Lyle raised an eyebrow. “What, like we take an even older woman, with a worse disease, and make her even younger and healthier?”
“Think bigger,” said Kerry. “Guru Kuvam healed one woman. Why don’t we heal the whole cancer center?”
“We’ll never get permission from everybody,” said Sunny, “plus we’d need willing DNA donors, and then the patients would have to agree to that, too. We don’t have time to arrange even half of that.”
“I’ve got it,” said Jeffrey, scrolling through something on his phone. “We’d lose the hot chick angle, though I guess the mom’s kind of hot, but check this out: there were two twins born last month, two little girls, and one’s completely healthy and the other’s on life support: she was born with one kidney, one lung, no liver, and only half a heart. Family’s going to pull the plug tomorrow.”

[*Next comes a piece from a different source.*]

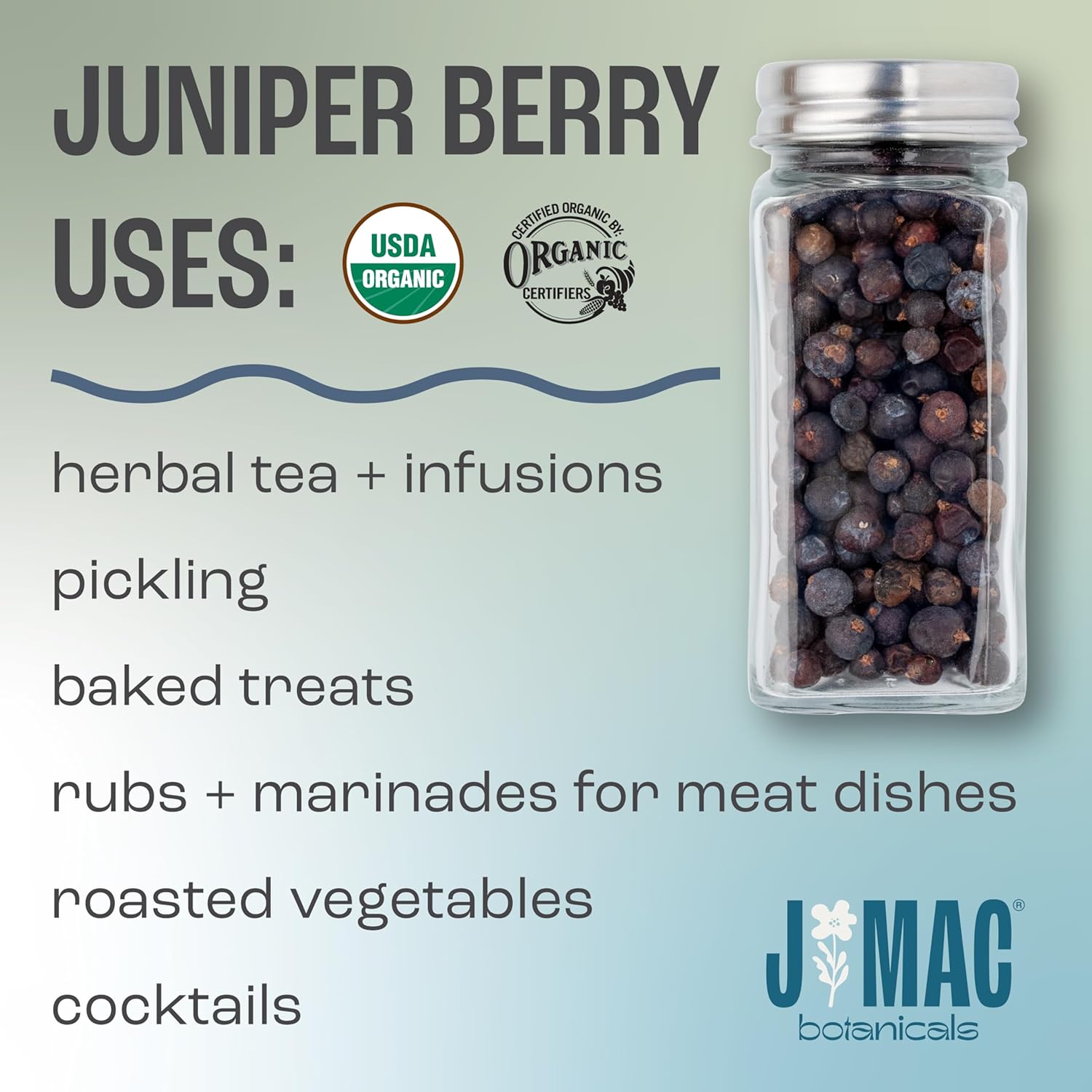 J MAC BOTANICALS, Organic Whole Juniper Berries, Certified Organic, juniper for herbal infusions, cooking and seasoning beef, pork, turkey brine, soups, syrups, cocktail bombs (4 oz)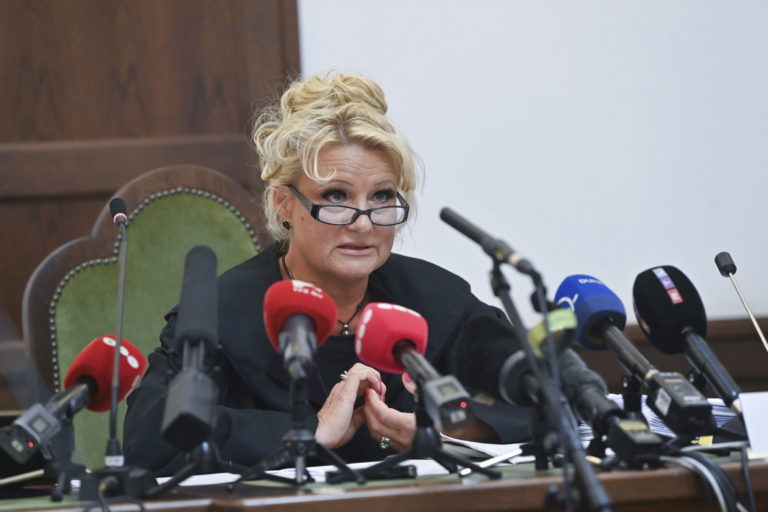 Sudkyňa Leona Némethová čítala verdikt pri smrteľnej zrážke vyhliadkovej lode Hableany v Pešti v Budapešti v utorok 26. septembra 2023. Foto: SITA/AP

“Unless we get to them first,” said Kerry eagerly. “We turn the sick girl into a clone of the healthy one, we put their little faces up on the screen, and we tug on every heartstring in the country. Saving an old lady in Jersey is one thing, but saving a cute little baby is something everyone can get behind.”
“The family might say no,” said Sunny.
“We’ll take over their hospital expenses,” said Cynthia.
“More importantly,” said Lyle, glancing sidelong at Cynthia, “we’d be saving their daughter’s life. That’s kind of a big deal to us normal humans.”
“How could they say no?” asked Sunny. “The babies are identical twins, so they’re already clones of each other; we’d just be fixing a … manufacturing error.”
“Just don’t present it to them that way,” said Kerry. “Maybe we’d better let me do the talking.”
“Whatever you do, do it now,” said Carl. “We don’t have much time to prepare for this, and apparently we have new competitors popping up almost every day.” He picked up his phone. “While you work on that, I’m going to call Marcus and figure out who leaked our product to Kuvam.” Carl narrowed his eyes. “And when I find him, I’m going to let Cynthia kill him with a pair of pliers.”